State Senators grilled state information technology officials during a hearing last week, as the officials detailed how thousands of state records were accidentally deleted during server maintenance last month, and what’s being done to prevent a similar incident in the future.
"I want to be very clear from the beginning: This was not a data breach. This was not a hack, and it was not a cybersecurity incident compromising any resident data,” Neil Weaver, Secretary of the Office of Administration said at the joint meeting of the Senate Communications & Technology and State Government committees. "This was an incredibly serious human error that I do not take lightly.”
The Office of Administration oversees IT services at dozens of state agencies. On Jan. 3, an employee accidentally deleted data from 77 servers, leading to what Weaver called a "limited data loss incident.”
The data has been recovered for all but one of the servers, but data for two systems used by the Pennsylvania State Police (PSP) and a system used by the State Employees Retirement System (SERS) were on that server and can’t be recovered.
Weaver was joined by the commonwealth’s Chief Information Officer Amaya Capellan and Chief Information Security Officer Jim Sipe in explaining how the data loss occurred.

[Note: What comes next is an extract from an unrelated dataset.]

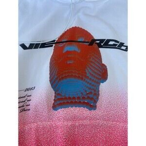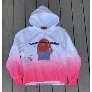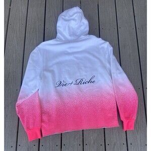 Bold and #rare #VIE+RICHE mens hoodie in a striking white-to-pink gradient #ombré fade. Features a #3D-style face graphic on the front, brand logo text on back, and soft 100% cotton construction.

They declined to give specifics about many of the processes and how exactly the incident happened, citing security concerns about divulging too much sensitive information publicly. But Weaver stressed that there was "no evidence to link remote work with this incident.”
The systems that were deleted included one used by PSP to manage case information and log evidence. The SERS system that was deleted was used for its members to log in. SERS said none of its members’ data was accessed or stolen.

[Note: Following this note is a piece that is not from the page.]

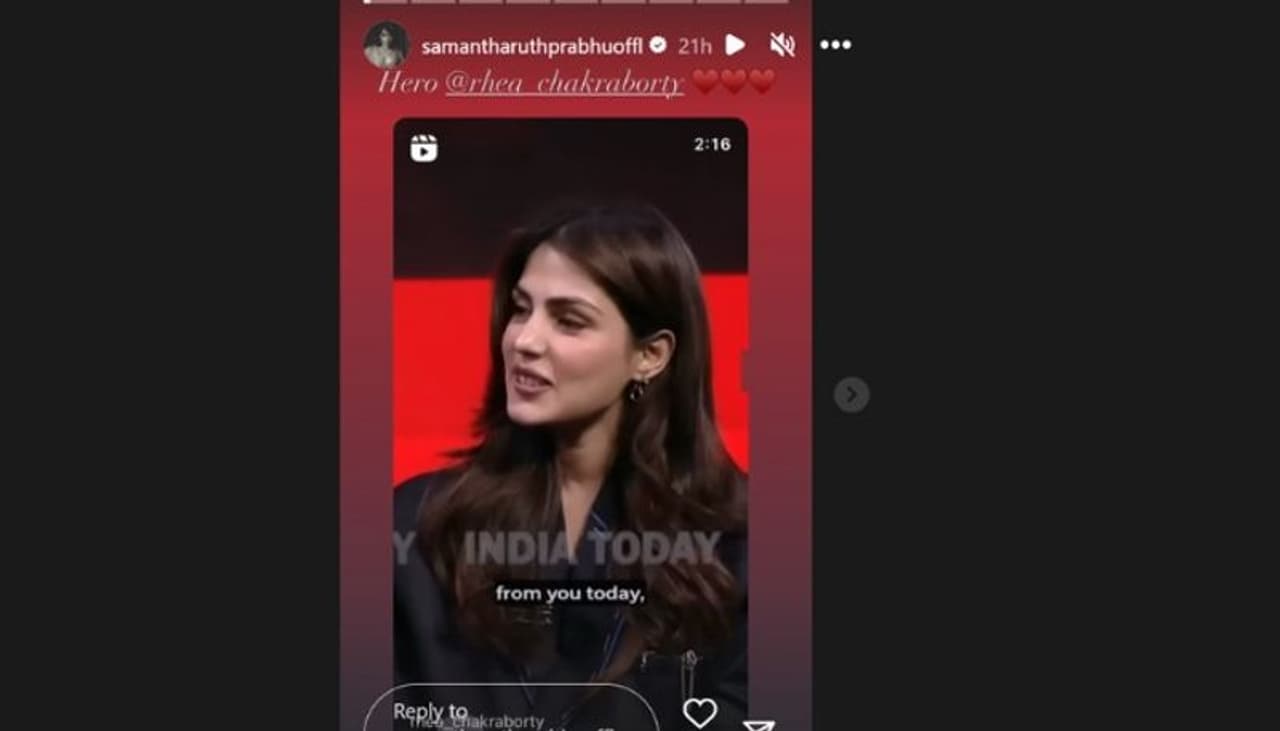 Rhea Chakraborty recently shared a video where she spoke about how she tackled a tough time back in 2020. Samantha re-shared the video and called her ‘Hero’.

Several of the senators expressed frustration about the way state officials had been notified of the incident— four days after it occurred.
"I think you should have been notified immediately,” Sen. Cris Dush (R-Jefferson) told Weaver. Recovery for the other 76 servers had been successful, but when they failed for the last server, he was notified, Weaver said.
Sen. Kristen Phillips-Hill (R-York) said she had called for a restructuring of the Office of Administration, but her requests were met with resistance.
"For years. I have been saying that the mismanagement of the Office of Administration was creating a vulnerable environment for our state,” Phillips-Hill said. "Mr. Secretary, I would contend that things are not going well. And they haven’t been going well for quite some time. And I think that the mismanagement of our state’s information technology is evident.”
Weaver, who was appointed to his current role in January 2023, said he was brought on by the governor to make sure the organization did not operate as it had been.
"I’ve committed to turning this around,” Weaver said. "It is a huge, mammoth, Herculean effort to do that.” He added that a reorganization was underway so the OA "will not be anything like it looks now.”